NOTE: The MILP presolver removed 0 variables and 0 constraints.

NOTE: The MILP presolver removed 0 constraint coefficients.

NOTE: The MILP presolver modified 0 constraint coefficients.

NOTE: The presolved problem has 2877 variables, 2868 constraints, and 27240

constraint coefficients.

NOTE: The MILP solver is called.

NOTE: The Decomposition algorithm is used.

NOTE: The Decomposition algorithm is executing in single-machine mode.

NOTE: The DECOMP method value USER is applied.

NOTE: The problem has a decomposable structure with 21 blocks. The largest block

covers 4.53% of the constraints in the problem.

NOTE: The decomposition subproblems cover 2877 (100.00%) variables and 2688 (93.72%)

constraints.

NOTE: The deterministic parallel mode is enabled.

NOTE: The Decomposition algorithm is using up to 4 threads.

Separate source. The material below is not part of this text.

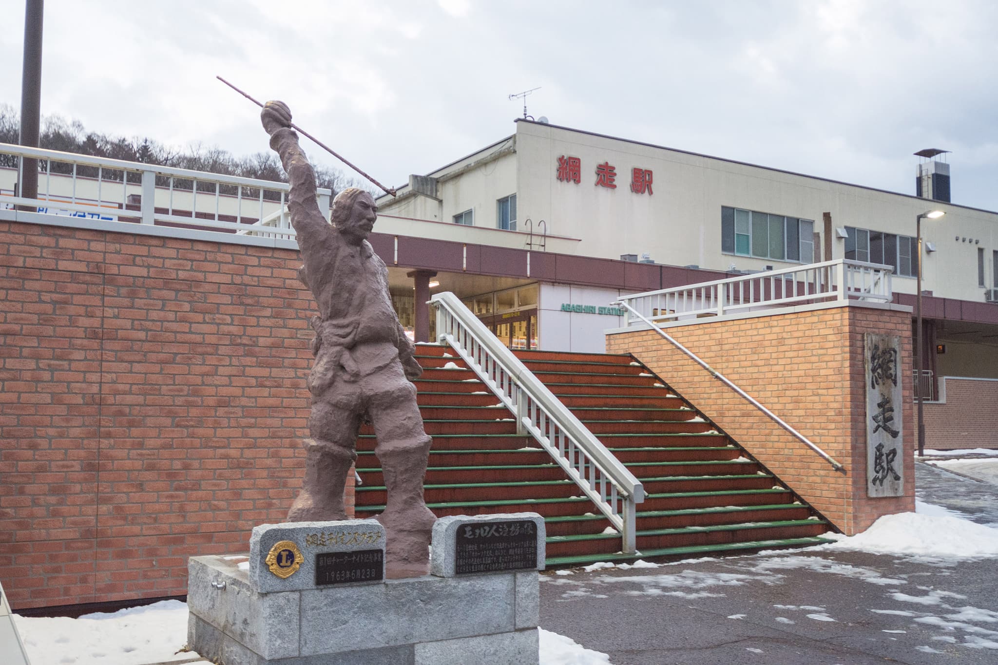 宝物に触れた思いで札幌に帰るべく網走駅に戻ると、オホーツク人が駅頭で迎えてくれた。「モヨロ人漁労の像」となって、銛(もり)で獲物を突こうとしている。生きるためにこうして日々格闘しながらも、愛と祈り、自然への畏怖を形に残したオホーツク人。その遺産を守り、探究を続ける地域が、輝いて見えた。

Iter Best Master Best LP IP CPU Real

Bound Objective Integer Gap Gap Time Time

NOTE: Starting phase 1.

1 0.0000 0.0000 . 0.00% . 2 0

NOTE: Starting phase 2.

. 63337.0004 53284.0000 53284.0000 15.87% 15.87% 2 1

3 63337.0004 54130.5000 53729.0000 14.54% 15.17% 5 2

4 63337.0004 57412.0000 57296.0000 9.35% 9.54% 7 3

5 63337.0004 60117.0000 59715.0000 5.08% 5.72% 9 3

6 63337.0004 61861.0000 61670.0000 2.33% 2.63% 11 4

7 63337.0004 62261.0000 62261.0000 1.70% 1.70% 13 5

8 63337.0004 62333.0000 62320.0000 1.59% 1.61% 15 5

9 63313.4000 62353.0000 62353.0000 1.52% 1.52% 17 6

. 63313.4000 62378.0000 62378.0000 1.48% 1.48% 17 6

10 63313.4000 62378.0000 62378.0000 1.48% 1.48% 19 7

11 62662.0000 62490.0000 62490.0000 0.27% 0.27% 21 8

12 62662.0000 62506.0000 62506.0000 0.25% 0.25% 23 8

13 62575.0000 62506.0000 62506.0000 0.11% 0.11% 25 9

14 62554.0000 62506.0000 62506.0000 0.08% 0.08% 27 10

15 62554.0000 62506.0000 62506.0000 0.08% 0.08% 29 11

16 62554.0000 62506.0000 62506.0000 0.08% 0.08% 32 11

17 62538.0000 62524.0000 62524.0000 0.02% 0.02% 34 12

18 62525.0000 62524.0000 62524.0000 0.00% 0.00% 36 13

NOTE: The Decomposition algorithm stopped on the integer RELOBJGAP= option.

18 62525.0000 62524.0000 62524.0000 0.00% 0.00% 36 13

Node Active Sols Best Best Gap CPU Real

Integer Bound Time Time

0 0 24 62524.0000 62525.0000 0.00% 36 13

NOTE: The Decomposition algorithm used 4 threads.

NOTE: The Decomposition algorithm time is 13.47 seconds.

NOTE: Optimal within relative gap.

NOTE: Objective = 62524.

This version of the model provides a stronger bound and requires a smaller branch-and-bound search tree to find an optimal solution.